On one server, the query returns in a couple hundred milliseconds because it
used the mat_land_boundaries_geom_gist index:

QUERY PLAN




----------------------------------------------------------------------------------
----------------------------------------------------------------------------------
----------------------------------------------------------------------------------
-----------------
Limit (cost=0.42..1523.40 rows=116 width=536) (actual time=34.701..293.895
rows=
670 loops=1)
-> Index Scan using mat_land_boundaries_geom_gist on mat_land_boundaries
(cos
t=0.42..1523.40 rows=116 width=536) (actual time=34.700..293.720 rows=670
loops=1)
Index Cond: ((geom IS NOT NULL) AND (geom &&
'0103000020E6100000010000000
5000000000000C0543F55C0E1ADD022F2294440000000C0543F55C0EBA47184752E4440000000A0983
955C0EBA47184752E4440000000A0983955C0E1ADD022F2294440000000C0543F55C0E1ADD022F2294
440'::geometry))
Filter: _st_intersects(geom,
'0103000020E61000000100000005000000000000C05
43F55C0E1ADD022F2294440000000C0543F55C0EBA47184752E4440000000A0983955C0EBA47184752
E4440000000A0983955C0E1ADD022F2294440000000C0543F55C0E1ADD022F2294440'::geometry)
Rows Removed by Filter: 1
Total runtime: 294.120 ms
(6 rows)

The other server takes well over a minute because it does not use the
index:


QUERY PL
AN



-----------------------------------------------------------------------------------
-----------------------------------------------------------------------------------
-----------------------------------------------------------------------------------
-----------------------------------------------------------------------------------
-----------------------------------------------------------------------------------
-----------------------------------------------------------------------------
Limit (cost=0.00..4187.64 rows=800 width=64) (actual
time=23768.060..112201.963 r
ows=670 loops=1)
-> Seq Scan on mat_land_boundaries (cost=0.00..9898135.26 rows=1890924
width=6
4) (actual time=23768.057..112201.846 rows=670 loops=1)
Filter: ((geom IS NOT NULL) AND (geom &&
'0103000020E610000001000000050000
00000000C0543F55C0E1ADD022F2294440000000C0543F55C0EBA47184752E4440000000A0983955C0E
BA47184752E4440000000A0983955C0E1ADD022F2294440000000C0543F55C0E1ADD022F2294440'::g
eometry) AND _st_intersects(geom,
'0103000020E61000000100000005000000000000C0543F55
C0E1ADD022F2294440000000C0543F55C0EBA47184752E4440000000A0983955C0EBA47184752E44400
00000A0983955C0E1ADD022F2294440000000C0543F55C0E1ADD022F2294440'::geometry))
Rows Removed by Filter: 28505727
Total runtime: 112202.105 ms
(5 rows)

(Interestingly, the query returned one fewer row, even though both views
should contain identical data.) I've confirmed that the views were created
correctly, and the indexes were created.
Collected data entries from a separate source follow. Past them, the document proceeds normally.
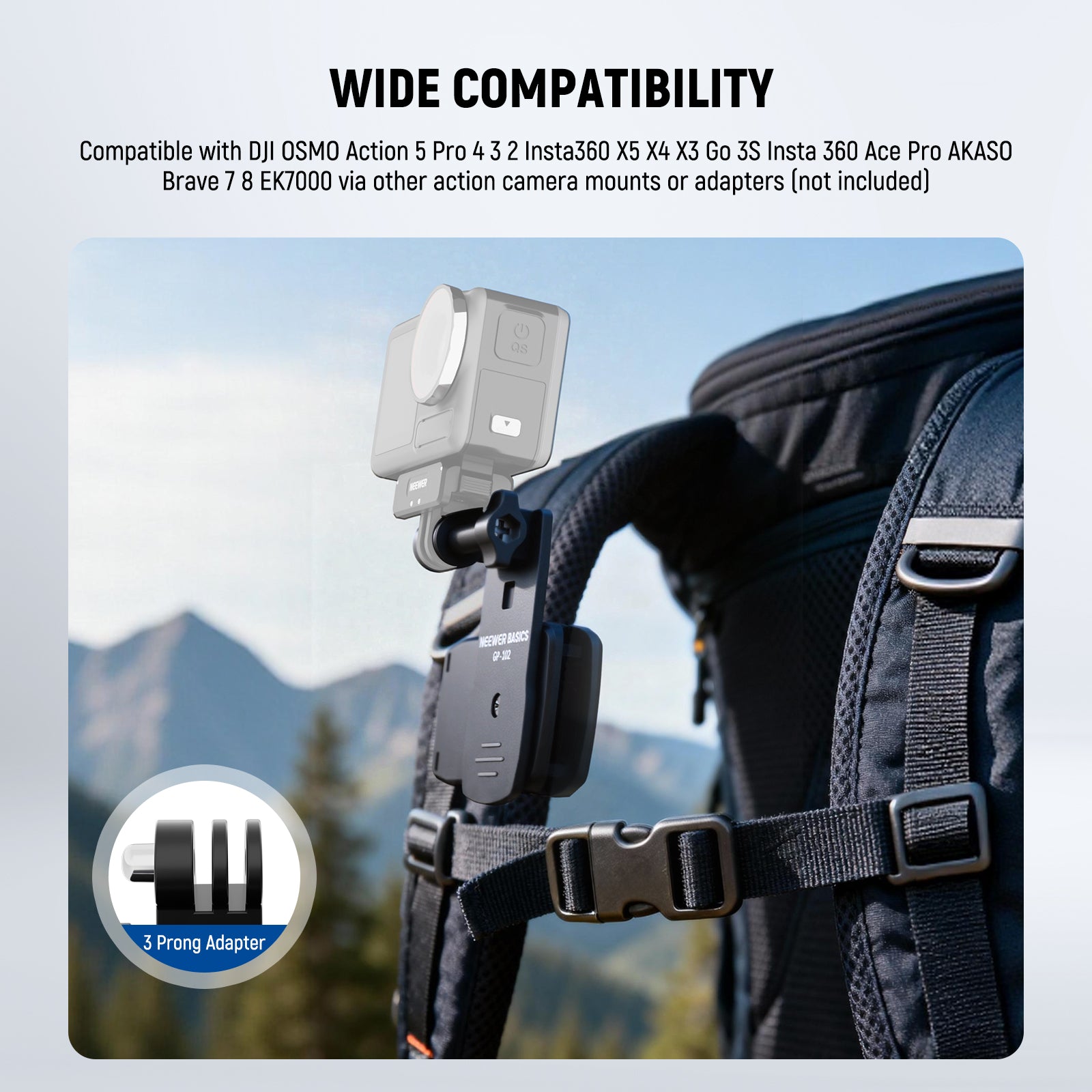 - Three Prong Adapter- Compatible with GoPro Max Hero 13 Go Pro 12 11 10 9 8 7 Black accessory pack and attachments; compatible with DJI OSMO Action 5 Pro 4 3 2 Insta360 X5 X4 X3 Go 3S Insta 360 Ace Pro AKASO Brave 7 8 EK7000 via other action camera mounts & clamps or photography accessories kit (not included)
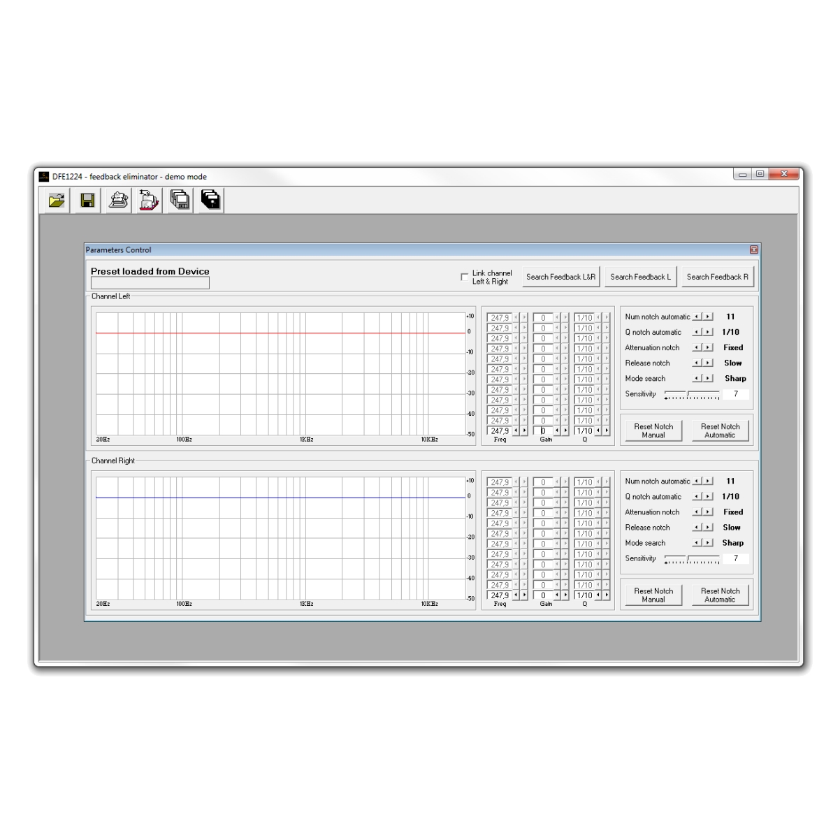 - A DFE-1224 egy visszacsatolás érzékelő eszköz, amely két csatornás vagy mono módban használható. A visszacsatoló rendszer megvizsgálja a jelút összes frekvenciáját, meghatározza a Larsen-effektus okát és törli azt a 12 valós idejű nagy pontosságú bevágási szűrő megvalósításával, amelyek - 45dB csillapításúak. A rendszer 15 lépésben állítható be, így a felhasználó megváltoztathatja a DFE-1224 hangvisszajelzéssel szembeni érzékenységét az helyzetének igényei szerint. A 12 csatornánkénti szűrő paramétereinek beállításai a RAM memóriában maradnak, de ha ezeket későbbi referencia beállításként meg kell őrizni, akkor azokat a felhasználói memória előre beállított értékébe kell menteni. Ha a módosított beállításokat a memóriába mentése előtt kikapcsolja a DFE-1224-et, akkor ezek elvesznek, és a készülék bekapcsolásakor az utoljára mentett memóriabeállítások lesznek alapértelmezettek. Az egységnek 20 memória áll rendelkezésre, 4 gyári és 16 felhasználói memória segítségével. A DFE-1224 rendelkezik egy bypass-rendszerrel, amelyet az analóg tartományban terveztek, és az egységet MIDI-n keresztül, valamint USB-vel lehet csatlakoztatni a külső vezérléshez és az adatok kétirányú mozgatásához.
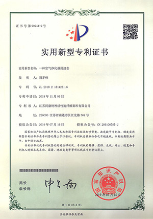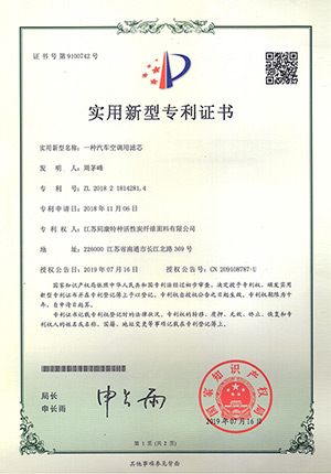 專利證書(shū)一種汽車空調(diào)用濾芯
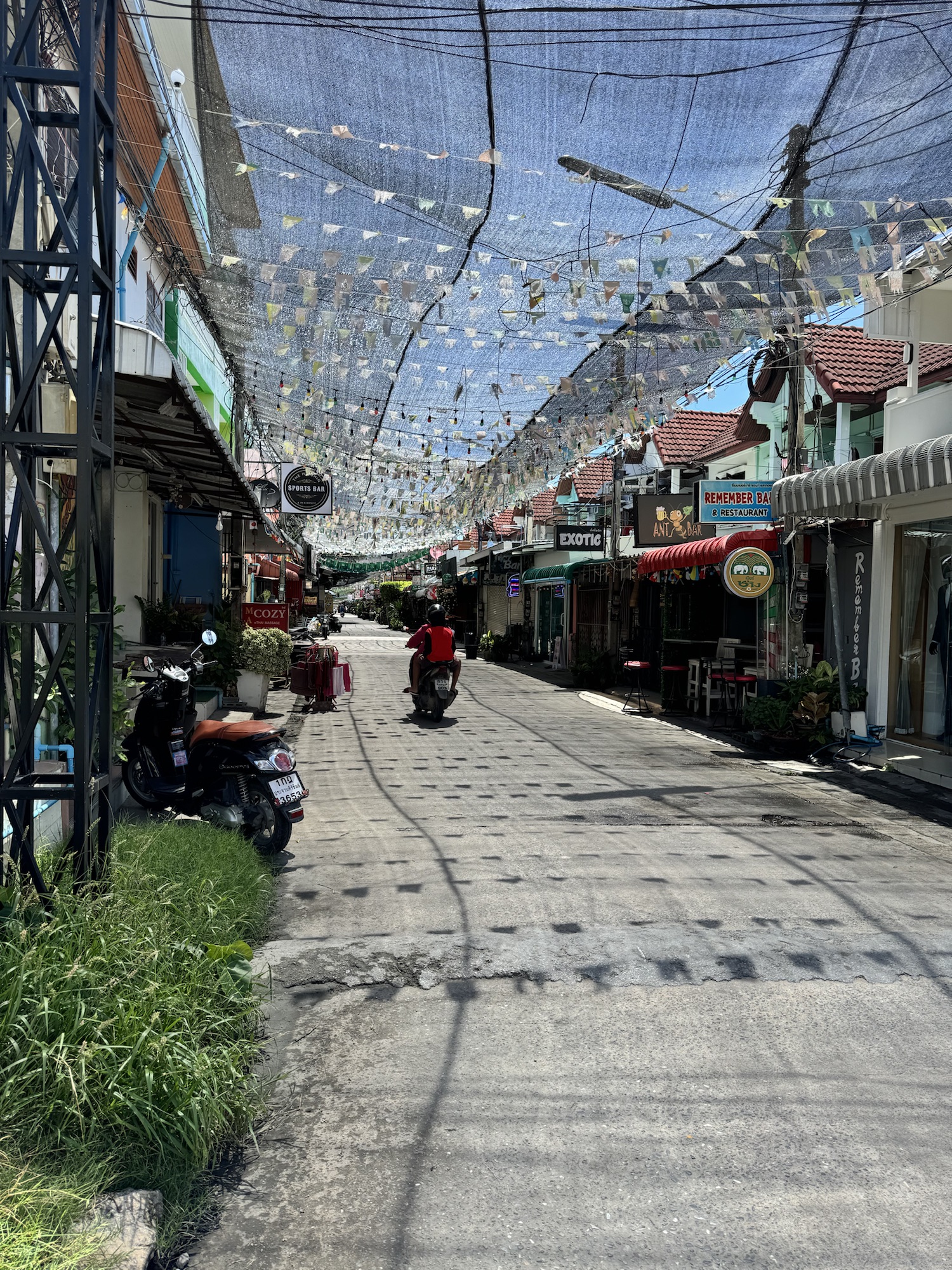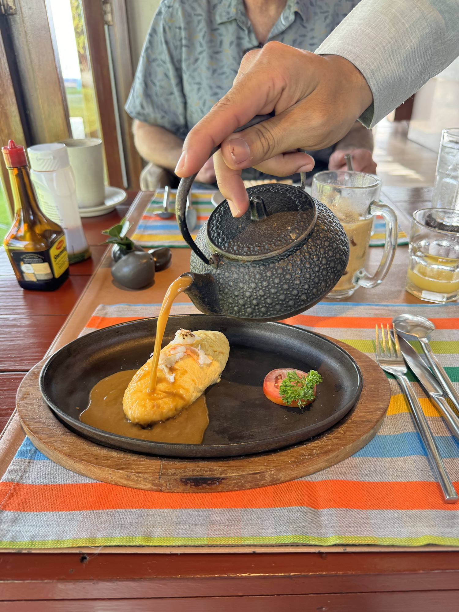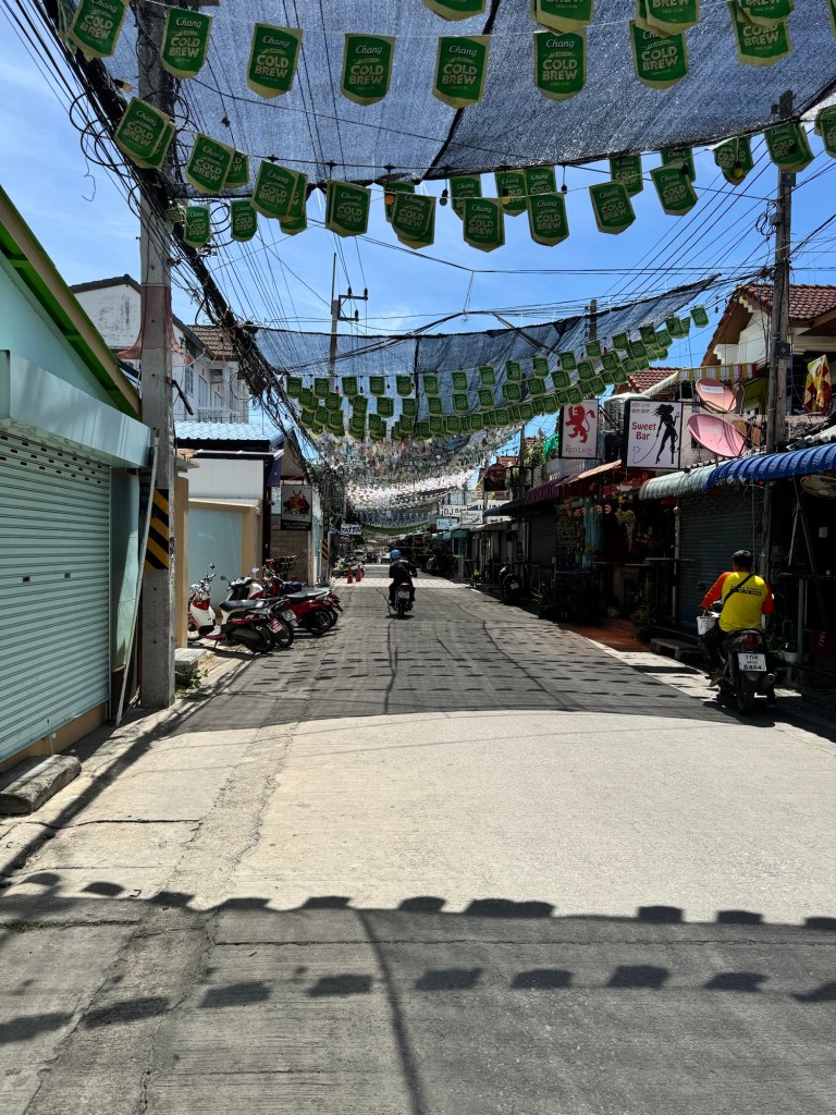A qilck drink stop at Ban Tai Lue on the way back before a swim in the pool as the storm rolled in across the mountains.

I tried dropping/recreating the
index and rebooting PostgreSQL and the entire box, but the behavior
persists. I've even ensured that the packages on both machines were all up
to date with identical versions. Any idea why Postgres would fail to use the
index on one machine but not the other, for identical queries?

# \d mat_land_boundaries
Materialized view "gis.mat_land_boundaries"
Column | Type | Modifiers
--------------+----------+-----------
id | text |
countries_id | integer |
geom | geometry |
Indexes:
"mat_land_boundaries_id_unique" UNIQUE, btree (id)
"mat_land_boundaries_geom_gist" gist (geom)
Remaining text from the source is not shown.